O positivo, no entanto, é saber que podemos readquirir parte de nossa
criatividade perdida. Mas, para recuperar a criatividade perdida, não
basta despertar a criança dentro de nós. Precisamos estar dispostos a
encarar o verdadeiro trabalho de parto que o nascimento de uma boa ideia
exige. Um trabalho que começa ao estabelecer conexões passando pelos
processos de fecundação, gestação e nascimento. Um processo intenso,
muitas vezes divertido, mas que também pode ser excruciante.
Estabelecendo conexões
A criatividade, assim como o relacionamento entre pessoas, precisa de
interações para poder brotar. Em outras palavras, precisamos nos expor e
buscar sinergias, já que é nas sinergias que encontraremos
matéria-prima para boas ideias. David Birne, líder do grupo Talking
Heads, dá um bom exemplo disso. Segundo ele, muitas conexões criativas
surgem dos seus passeios de bicicleta pela cidade de Nova Iorque. Para
Birne, as cores, sons, cheiros e o contato com as pessoas constituem um
verdadeiro ponto de partida para muitos projetos. Outro exemplo, também
vindo de Nova Iorque, ocorreu com Milton Glaser, famoso designer
gráfico. Ele criou o logotipo mais copiado do mundo, o símbolo "Eu amo
Nova Iorque", dentro de um taxi, enquanto olhava pela janela.
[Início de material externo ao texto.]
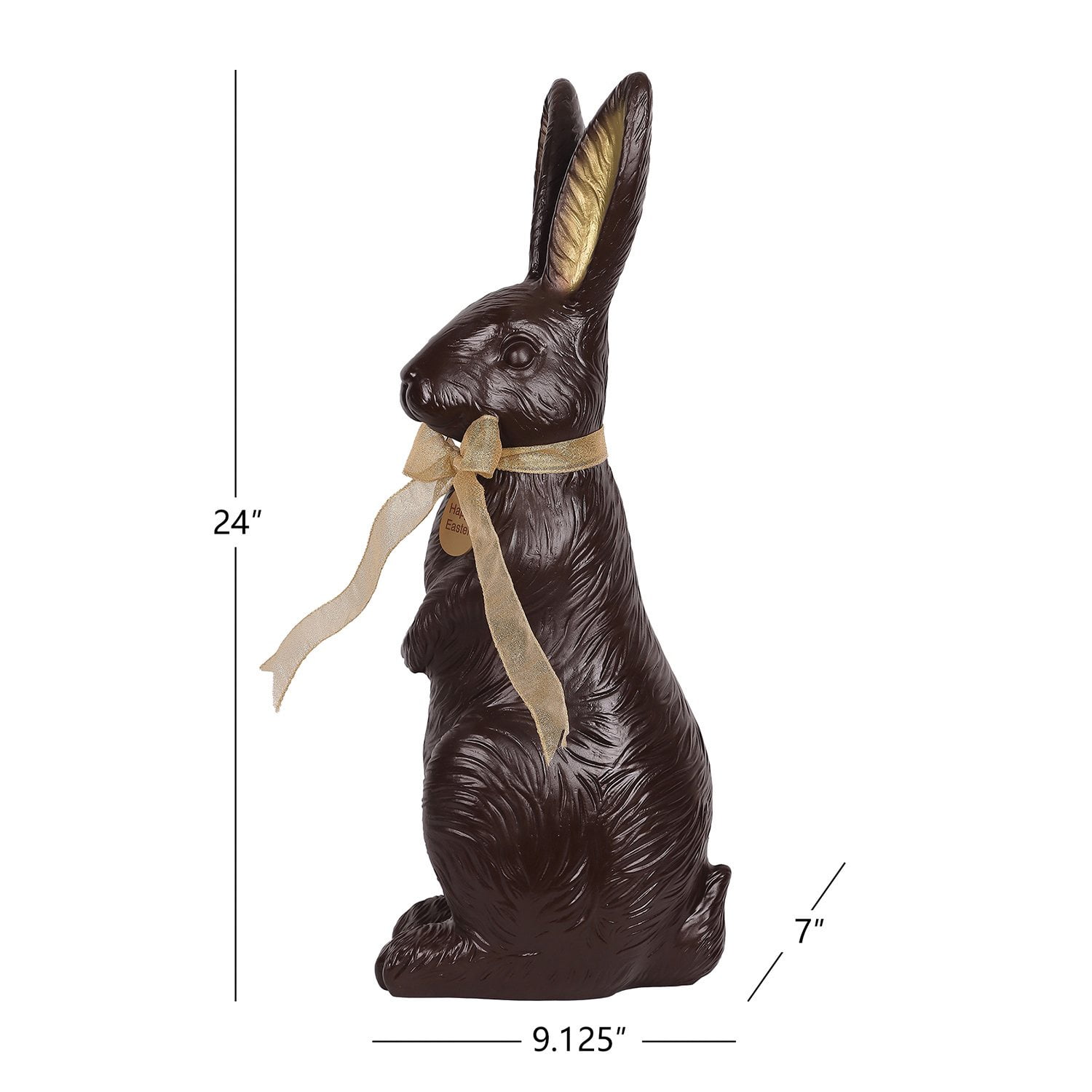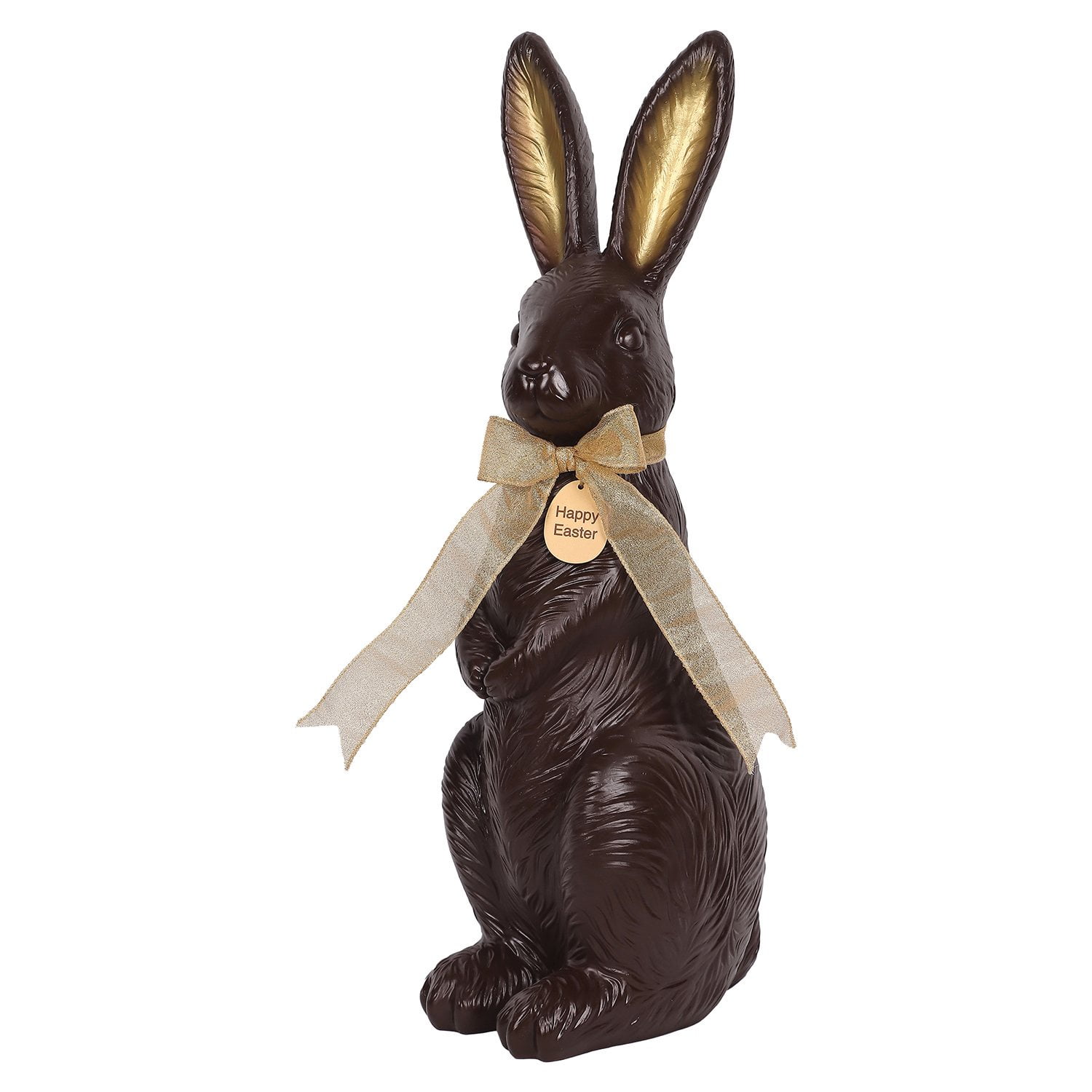 • Festive Easter 24″ chocolate bunny décor tied with a graceful gold ribbon

Ou seja, assim com um quebra-cabeças, nossa interação com o mundo
pode disponibilizar as partes, que, juntas, ajudarão a obter algo
coerente. Por isso é recomendável andar "antenados" e adquirir uma
postura ativa diante da avalanche de informações que passa
cotidianamente à sua frente.
O processo de fecundação
Para gerar uma solução inovadora, é preciso, antes de tudo, deixar
que o desafio em questão (ou problema determinado) tenha acesso à nossa
psiquê. E, ao permitirmos acesso a um lugar tão fecundo, estaremos
promovendo um processo de gestação. Processo esse que é nutrido pela
reação do problema ou desafio com nossas experiências, sonhos e
fantasias.
Fantasias como as de Keith Richards, o guitarrista dos Rolling
Stones, que criou a música "I can't get no (satisfaction)" enquanto
dormia. Chapado como sempre, Keith conta que acordou pela manhã no
quarto de seu hotel e reparou que a fita do gravador portátil estava no
final. Curioso, rebobinou a fita e ao apertar o botão play escuto como
ele mesmo pegava a guitarra e tocava os primeiros acordes do que viria a
ser a famosa música. E depois dos acordes… 40 minutos do seu próprio
ronco.
Gestação
A gestação de uma boa ideia exige a participação de ambos os lados de
nosso cérebro. Isso significa a observação e análise sistemática do
lado esquerdo combinado com a sensibilidade inspiradora do lado direito.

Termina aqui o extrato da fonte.